以上より,\( U \) は \( A \) に含まれる開集合である。したがって,この場合の集合 \( A \) の内部は \( (1, 3) \) となる。

:端点 1 と 3 は,それらを含む開区間が \( A \) に完全には含まれないため,内部には含まれない。

内部に関する基本的性質

集合の内部は,ほかの基本的な位相操作と密接に関係している。ここでは,特に重要な性質をいくつか紹介する。

  • 内部と和集合の関係
    二つの集合 \( A, B \) に対して,それぞれの内部の和集合は,和集合 \( A \cup B \) の内部に必ず含まれる。ただし,一般には両者が等しくなるとは限らない。$$ \text{Int}(A) \cup \text{Int}(B) \subseteq \text{Int}(A \cup B) $$
  • 内部と共通部分の関係
    二つの集合の内部の共通部分は,それらの共通部分の内部と一致する。

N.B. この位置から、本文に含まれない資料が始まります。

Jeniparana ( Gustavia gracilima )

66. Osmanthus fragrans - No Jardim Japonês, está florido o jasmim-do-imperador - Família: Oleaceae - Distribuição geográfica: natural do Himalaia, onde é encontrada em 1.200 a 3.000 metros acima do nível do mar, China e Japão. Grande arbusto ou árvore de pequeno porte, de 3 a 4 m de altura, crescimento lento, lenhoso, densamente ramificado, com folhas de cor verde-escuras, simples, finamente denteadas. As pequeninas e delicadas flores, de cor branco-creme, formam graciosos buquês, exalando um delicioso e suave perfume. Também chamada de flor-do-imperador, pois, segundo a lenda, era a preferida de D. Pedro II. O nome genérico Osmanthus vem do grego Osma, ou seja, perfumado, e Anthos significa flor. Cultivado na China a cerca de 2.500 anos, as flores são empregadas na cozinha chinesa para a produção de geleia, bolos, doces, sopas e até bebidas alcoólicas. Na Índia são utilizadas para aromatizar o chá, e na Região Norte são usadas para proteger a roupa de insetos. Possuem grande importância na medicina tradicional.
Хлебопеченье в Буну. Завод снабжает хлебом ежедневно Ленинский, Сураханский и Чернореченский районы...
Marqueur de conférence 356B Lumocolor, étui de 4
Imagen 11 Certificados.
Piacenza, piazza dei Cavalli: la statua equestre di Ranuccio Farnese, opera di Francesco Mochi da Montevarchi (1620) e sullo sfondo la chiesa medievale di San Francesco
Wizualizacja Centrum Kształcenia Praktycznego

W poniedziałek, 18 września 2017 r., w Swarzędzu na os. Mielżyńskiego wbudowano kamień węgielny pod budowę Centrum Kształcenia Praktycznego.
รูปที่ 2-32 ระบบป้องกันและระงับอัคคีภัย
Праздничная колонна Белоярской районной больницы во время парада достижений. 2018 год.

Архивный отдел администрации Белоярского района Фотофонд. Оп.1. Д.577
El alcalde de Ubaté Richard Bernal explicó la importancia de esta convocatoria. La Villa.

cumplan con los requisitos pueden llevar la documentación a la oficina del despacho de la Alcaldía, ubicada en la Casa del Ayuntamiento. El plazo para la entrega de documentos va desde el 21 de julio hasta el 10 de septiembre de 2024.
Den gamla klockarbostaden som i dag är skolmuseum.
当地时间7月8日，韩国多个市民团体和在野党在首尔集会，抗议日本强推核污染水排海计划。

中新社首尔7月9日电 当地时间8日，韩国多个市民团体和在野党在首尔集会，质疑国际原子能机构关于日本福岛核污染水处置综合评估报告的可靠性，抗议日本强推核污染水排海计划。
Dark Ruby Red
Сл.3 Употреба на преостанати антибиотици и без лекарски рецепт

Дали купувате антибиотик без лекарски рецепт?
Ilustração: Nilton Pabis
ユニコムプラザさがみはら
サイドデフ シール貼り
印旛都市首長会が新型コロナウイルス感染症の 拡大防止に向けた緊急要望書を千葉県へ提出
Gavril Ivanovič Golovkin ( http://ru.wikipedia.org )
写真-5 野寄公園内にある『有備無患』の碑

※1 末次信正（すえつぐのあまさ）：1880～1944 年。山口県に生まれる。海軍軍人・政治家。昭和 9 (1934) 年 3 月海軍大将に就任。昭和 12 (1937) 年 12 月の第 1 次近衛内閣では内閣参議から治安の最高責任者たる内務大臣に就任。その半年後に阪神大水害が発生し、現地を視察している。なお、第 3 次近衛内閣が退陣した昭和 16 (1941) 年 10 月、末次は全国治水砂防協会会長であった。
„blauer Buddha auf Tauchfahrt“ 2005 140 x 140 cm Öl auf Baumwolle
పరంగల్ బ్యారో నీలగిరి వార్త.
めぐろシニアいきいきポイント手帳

$$ \text{Int}(A) \cap \text{Int}(B) = \text{Int}(A \cap B) $$
  • 補集合,内部,閉包の関係
    集合 \( A \) の補集合の内部は,\( A \) の閉包の補集合に等しい。$$ \text{Int}(X - A) = X - \text{Cl}(A) $$
  • 補集合の閉包と内部の補集合
    集合 \( A \) の補集合の閉包は,\( A \) の内部の補集合に等しい。$$ \text{Cl}(X - A) = X - \text{Int}(A) $$

補足事項

最後に,集合の内部について理解を深めるうえで役立つ補足的な事実をまとめておく。

  • 開集合は内部に含まれる
    位相空間 \( X \) において,開集合 \( U \) が \( U \subseteq A \) を満たすならば,必ず \( U \subseteq \text{Int}(A) \) が成り立つ。内部は,集合 \( A \) に含まれる最大の開集合である。
  • 包含関係の保存
    \( A \subseteq B \) が成り立つとき,\( \text{Int}(A) \subseteq \text{Int}(B) \) が成り立つ。内部を取る操作は,集合の包含関係を保つ。
  • 開集合の特徴付け
    集合 \( A \) が開集合であることと,\( A = \text{Int}(A) \) が成り立つことは同値である。
  • R 言語による集合の内部の計算
    R 言語を用いれば,集合の内部を計算的に扱ったり,可視化したりすることも可能である。

このように,集合の内部は位相幾何学のさまざまな場面で繰り返し登場する,基本かつ重要な概念である。